- Based on: Astro Boy
- Written by: Shigetoshi Iwata Haruo Koorogi Isoya Shibuya Ichirō Miyagawa Noboru Sakamaki Hiroyuki Shinami
- Directed by: Hiroshi Yoshikawa Seika Shiba Hideo Ōhashi Toshio Naniwa
- Starring: (see list) Masato Segawa Kazumasa Negishi Mitsuo Nakagawa Gorō Morino Hiroko Negishi Hiroshi Miki Rashōmon Tsunagorō Yonehiko Kitagawa Akio Tanaka Kazuya Tominaga Kinichi Shimizu Harue Wakahara Hiroshi Kiyama Chizō Kurata Ryūsuke Nakae Kiyoshi Itō Kiyoshi Kobayashi Masao Takahashi Takako Irie Nobuo Maki Nikki Kubota Kōtarō Mori;
- Opening theme: Mighty Atom Theme
- Ending theme: Mighty Atom Theme
- Composers: Hirooki Ogawa Katsuyuki Masuda
- Country of origin: Japan
- No. of seasons: 1
- No. of episodes: 65

Production
- Producers: Keiji Matsuzaki Tsuyoshi Yoneyama
- Cinematography: Yutaka Yoshida Hiroshi Segawa
- Camera setup: Single-camera
- Running time: 25 minutes
- Production company: Matsuzaki Production

Original release
- Network: MBS
- Release: March 7, 1959 – May 28, 1960

Related
- Mighty Atom (1963 anime)

= Mighty Atom (TV series) =

Mighty Atom (鉄腕アトム, Tetsuwan Atomu) is a Japanese black-and-white tokusatsu live-action TV drama that aired on MBS from March 7, 1959 to May 28, 1960 for a total of 65 episodes split into five parts.

==Production==
Tetsuwan Atomu was produced for Mainichi Broadcasting System, sponsored by Lotte Corporation, by Matsuzaki Production, founded by Keiji Matsuzaki, who worked with Eiji Tsuburaya as a special effects director before the war and was a Toho producer.

It is the first adaptation of Osamu Tezuka's Mighty Atom (a.k.a.
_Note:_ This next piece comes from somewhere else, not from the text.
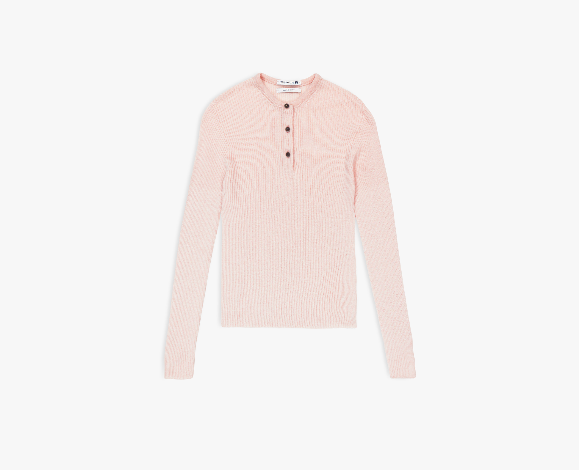 Henley top made of merino wool and silk with a crew neck and button placket. Made in Switzerland.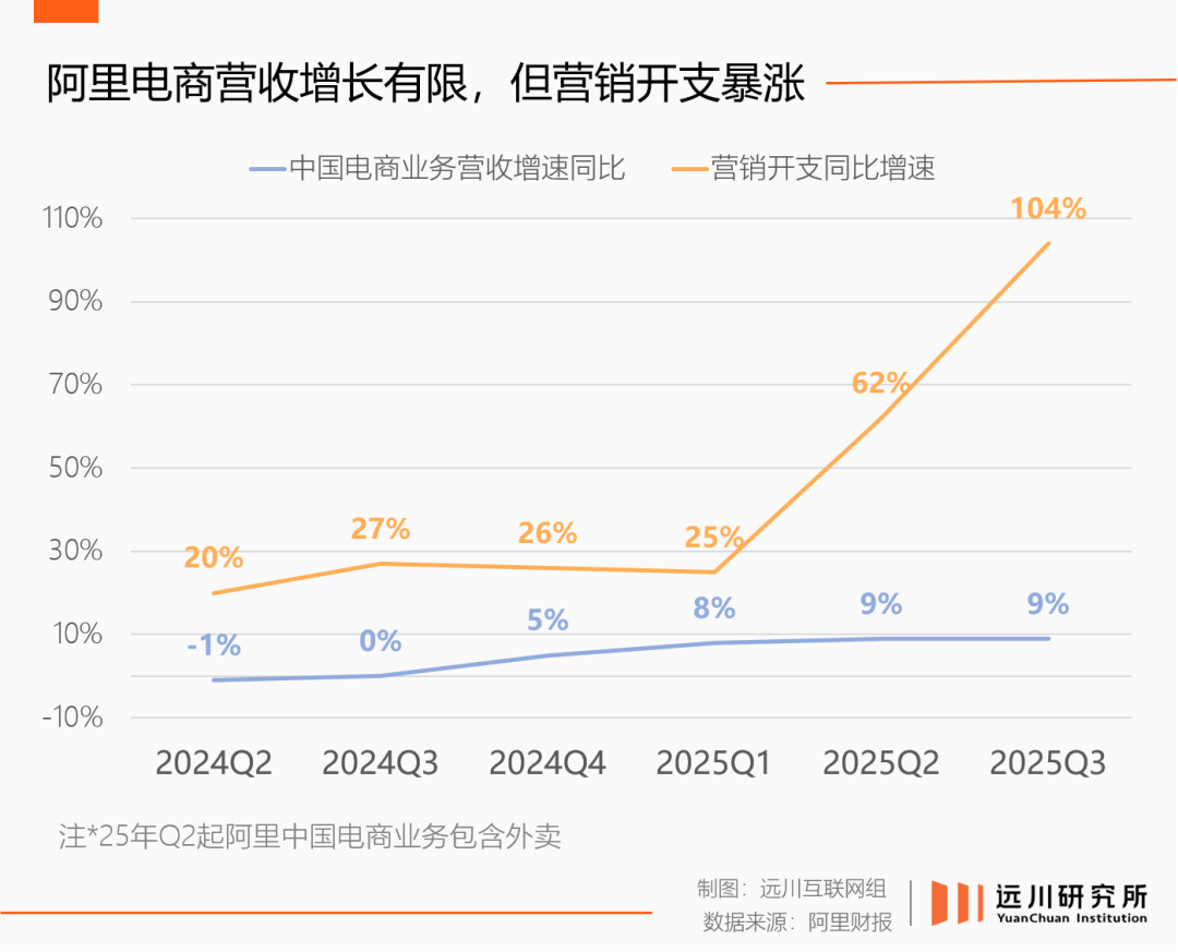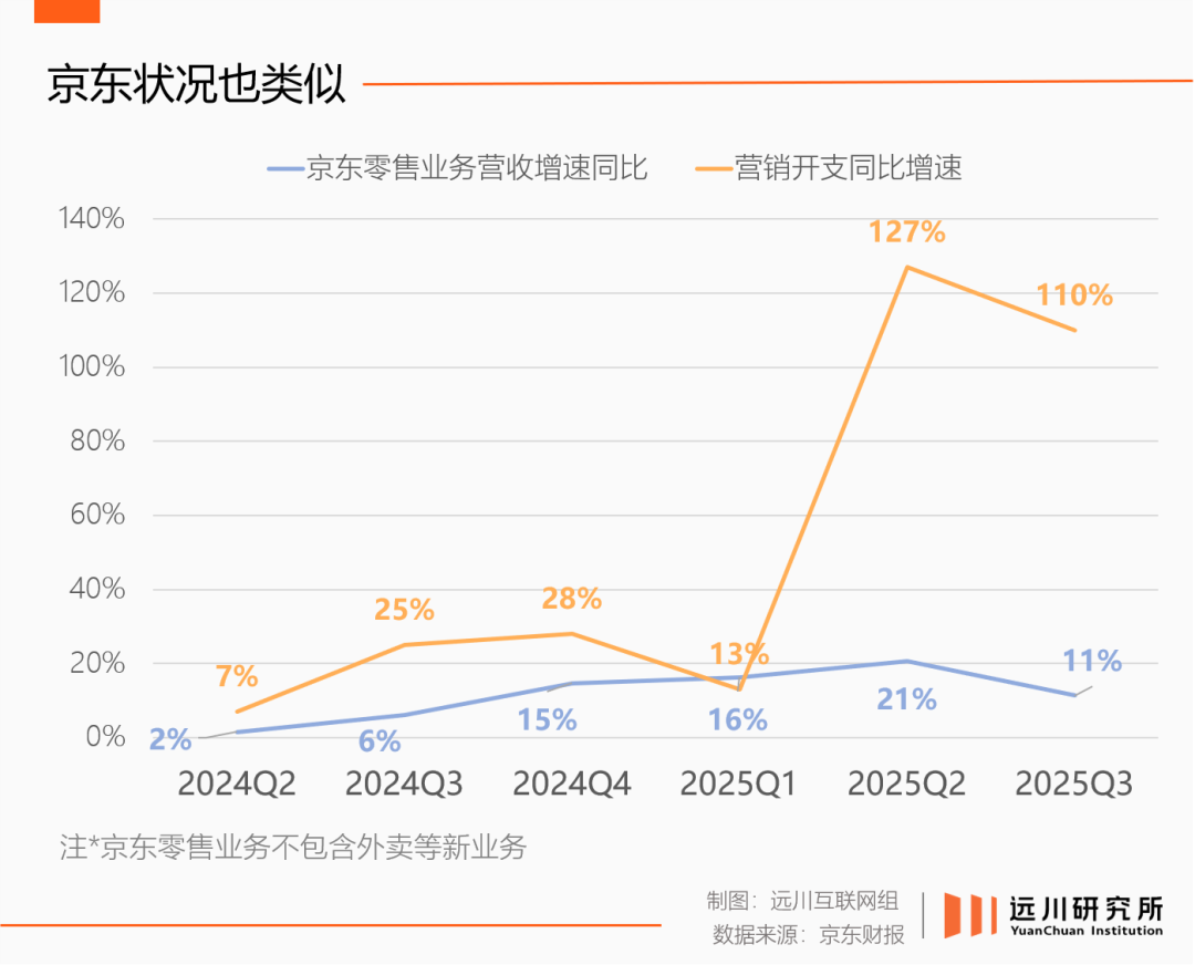 電商收入增速幾乎原地踏步,阿里將閃購(gòu)打包進(jìn)中國(guó)電商板塊,整體增速也才9%;京東在剛參戰(zhàn)的二季度,把零售增速拉上20%,轉(zhuǎn)眼三季度就已轉(zhuǎn)跌10%。

Astro Boy) manga comic book series and predates the 1963 Mighty Atom (Astro Boy) anime.

==Plot==
The series condenses the original's science fiction elements, more in line with the detective stories of the time, with a focus on fighting gangsters. In the original, the story takes place in the 21st century, but according to Atom's dialogue in the second part finale, the series takes place in 1959, the same year as the broadcast.

==Reception==
Although the series was popular for a year, Tezuka became dissatisfied with the adaptation, saying that it was too far removed from the image of the original work, and this became the driving force behind the production of the first Astro Boy anime a few years later. In addition, when Sōji Ushio approached Tezuka in 1965 to make a live-action Ambassador Magma, Tezuka initially suggested that he make a live-action Big X for this reason.

However, P Productions' live-action Magma received high praise from Tezuka, and the bad impression of live-action adaptations was dispelled, and Tezuka himself considered producing a live-action version of Mighty Atom in 1972.